Implicit claims include slogans with connotations of health and vitality, such as "Alive with pleasure", and imagery (of instance, images of athletic, healthy people, the presence of healthy children, healthy natural environments, and medical settings).[21]: 62–65 [3]

"Modified risk" products

"Modified risk" nicotine products, alternate nicotine products that are implied to be less harmful, are an old strategy.[52][53] These products are used to discourage quitting, by offering unwilling smokers an alternative to quitting, and implying that using the alternate product will reduce the hazards of smoking.[21]: 62–65 [3] "Modified risk" products also attract new smokers.[52]

Many "modified risk" nicotine products are actually just as risky as the products they were marketed against.[21]: 25–27 [54][55] As the long-term harms of cigarette smoking emerge after ~20 years of use,[citation needed] claims of reduced long-term harms for a new product cannot immediately be refuted.[56] Products may become popular on the basis of false health claims before the research is done that proves them false.[56]

Explicit claims of health benefits carry legal risks. They may also require regulatory pre-approval.[53] Reduced levels of specific harmful chemicals are often advertised; people tend to wrongly interpret these as claims of reduced harm.[53] To imply that some nicotine products are healthier than others without making explicit claims, marketing has used descriptions like "light", "mild", "natural", "gentle", "calm", "soft", and "smooth".[21]: 62–65 [3]

Both adults and youth have been shown to misinterpret marketing claims about changes in risk. They falsely interpret them as meaning that the product is safe. They are more likely to start using it, and less likely to quit, as a result.[57]

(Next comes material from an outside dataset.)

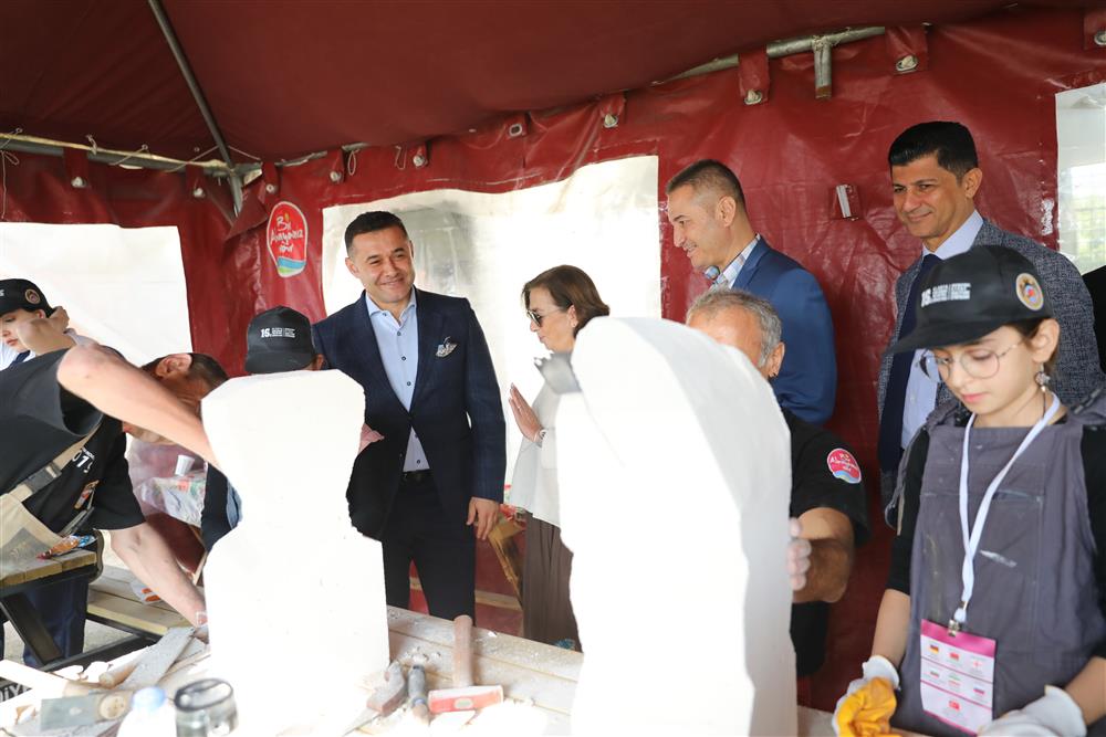 16. Uluslararası Alanya Taş Heykel Sempozyumu çalışma alanında öğrencilerin heykeltıraşlarla çalışmasını değerlendiren Alanya Belediye Başkanı Adem Murat Yücel; “16 yıldır düzenlenen sempozyuma her yıl farklı okullardan öğrenciler davet ediyoruz. Amacımız öğrencilerimizi heykel sanatı ve sanatçısıyla buluşturmak ve aynı zamanda ileriki yaşamlarında heykelle ilgili bölüm seçmek isteyen öğrencilere de destek olmak. Bugün öğrencilerimizin yaptığı heykeller, 29 Kasım’da düzenleyeceğimiz sempozyumun kapanış programında sergilenecek.” dedi.

"Mild" and "roasted" cigarettes

In the 1920s to 1950s, ads often focused on throat irritation and coughs, claiming that specific brands were better. This also distracted from the more serious harms of smoking,[58] which were being revealed by research at the time.[59] Claims were made that toasting tobacco removed irritants (which were said to have been sold on to chemical companies).[58]

Menthol cigarettes

Menthol cigarettes have also been marketed as healthier from the 1930s onwards. They were even inaccurately advertised as medicinal, a treatment for smokers that would sooth a throat irritated by smoking, or as a treatment for a cold. Where this is illegal, they are marketed as healthier by implication, using words like "mild", "natural", "gentle", "calm", "soft", "smooth", and imagery of healthy natural environments.[21]: 62–65  There is no evidence that menthol cigarettes are healthier, but there is evidence that they are somewhat easier to become addicted to and harder to quit.[21]: 25–27 

Reaching the Black market in the United States

Historian Keith Wailoo argues the cigarette industry targeted a new market in the black audience starting in the 1960s. It took advantage of several converging trends. First was the increased national attention on the dangers of lung cancer. Cigarette companies took the initiative in fighting back. they developed menthol-flavored brands like Kool, which seemed to be more soothing to the throat, and advertised these as good for your health. A second trend was the Federal ban on tobacco advertising on radio and television. There was no ban on advertising in the print media, so the industry responded by large scale advertising in Black newspapers and magazines. They began erecting billboards in inner city neighborhoods. The third trend was the Civil rights movement of the 1960s. Big Tobacco responded by investing heavily in the Civil Rights Movement, winning the gratitude of many national and local leaders. Menthol flavored cigarette brands systematically sponsored local events in the black community, and subsidized major black organizations especially the NAACP (National Association for the Advancement of Colored People). They also subsidized many churches and schools. The marketing initiative was a success as the rate of smoking in the black community grew, while it declined among whites, Furthermore, three of four black smokers purchased menthol cigarettes.[60]

Filter cigarettes

In the fifties, filters were added to cigarettes, and heavily marketed, until they faced regulatory action as false advertising.[58] Initially, efforts were made to develop filters that actually reduced harms; as it became obvious that this was not economically possible, filters were instead designed to turn brown with use.[61][54]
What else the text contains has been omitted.